田河水泡の「のらくろ」の連載の終わりは?

現在、川崎で「のらくろ展」が行われています。それに関連して一言。1967年の私の子供時代に「のらくろ漫画全集」全10巻が出て、戦前ののらくろが復刻されました。(ちなみにその後アニメにもなりました。)その最後の巻が「のらくろ探検隊」でのらくろが軍隊を退役して大陸で鉱山を探すという話でした。(この巻だけ家にありました。残りの巻は図書館で借りて読みました。余談ですが、のらくろの協力者数人の内、一人{一匹}は明らかにある民族をモデルにしたものでした。のらくろがその人に何が得意かと聞いたら「私の得意なのは嘘をつくことです。

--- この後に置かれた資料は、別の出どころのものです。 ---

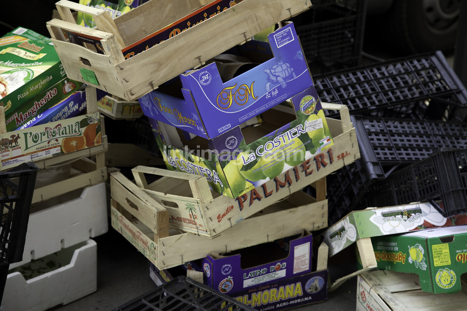 - debris, recycling, boxes, market, food, food market, garbage, advertising, packaging
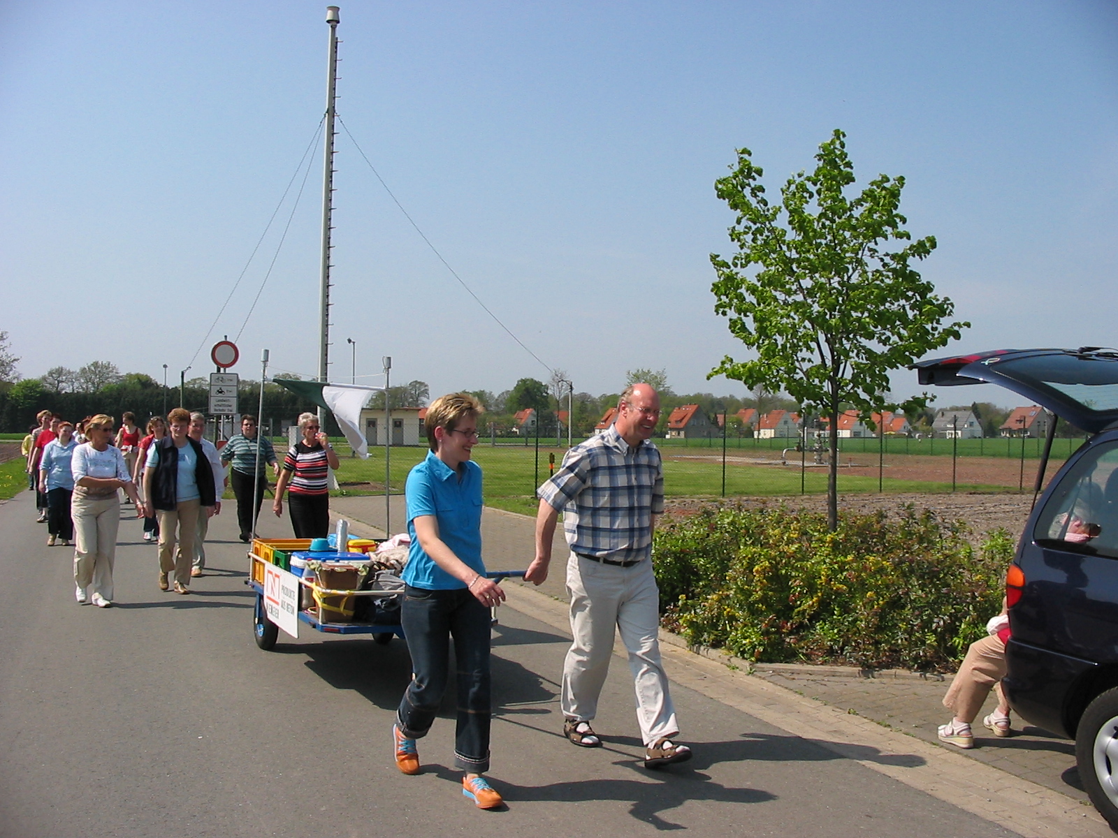 Mit einem Bollerwagen im Schlepptau,der einer Theke glich,wanderten die Damen bis nach Hemsloh,um sich bei Kaffee und Kuchen zu stärken.Als Einlage gab es einen Sketch der Laienspieler aus Rehden und Wetschen.
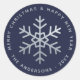 An elegant navy and silver sticker for the holidays greeting card. It has a faux silver foil snowflake in the center and silvery gray text in the circle around it: above it there is the message Merry Christmas & Happy New Year, under it there is the family name and the year.
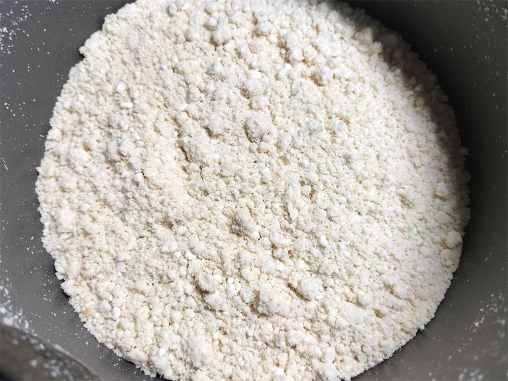 1. フライパンにラードを入れて中火にかけ、ラードが溶けたら強力粉を入れます。
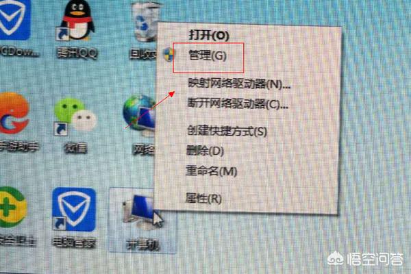 2、其次在“计算机”或者“我的电脑”处点击鼠标右键,选择管理选项,如下图所示:
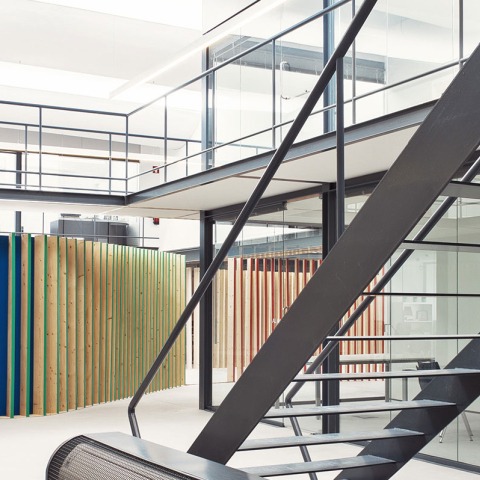Exactly, these wooden links, simultaneously reflect and adapt itself according to the passages and elements set across the open space.

」と答えるという、かなり際どい描写がありました。)
それで「のらくろ探検隊」はのらくろの一行が石炭か何かの鉱山を発見し、のらくろはその権利を惜しげも無く協力者3人{3匹}に与え、自分はまた新しい鉱山を探しに行くというところで終わっていました。私はこれがのらくろの最後だと思っていました。
ところが写真は、先日古書店で入手した大日本雄弁会講談社の「少年倶楽部」昭和16年新年号ですが、タイトルは「のらくろ鉱山」となっており、のらくろが満州で鉱山経営をしているという話でした。「のらくろ探検隊」にはこんな話は入っていませんでした。とすると、のらくろの連載は1967年に全集に入っているものの後、まだ続きがあったということになります。ただのらくろは、(1)日本の軍隊を犬に例えた(2)のらくろが二等兵から最終的には大尉、とありえない出世をする、などで軍部の覚えは目出度くなかったようです。おそらく、この昭和16年のどこかで連載は終わったんだと思います。(少年倶楽部自体、紙不足でページ数を減らさざるを得なかったようです。)全集に入っていない理由は、途中で終わって話が完結していないからではないかと思います。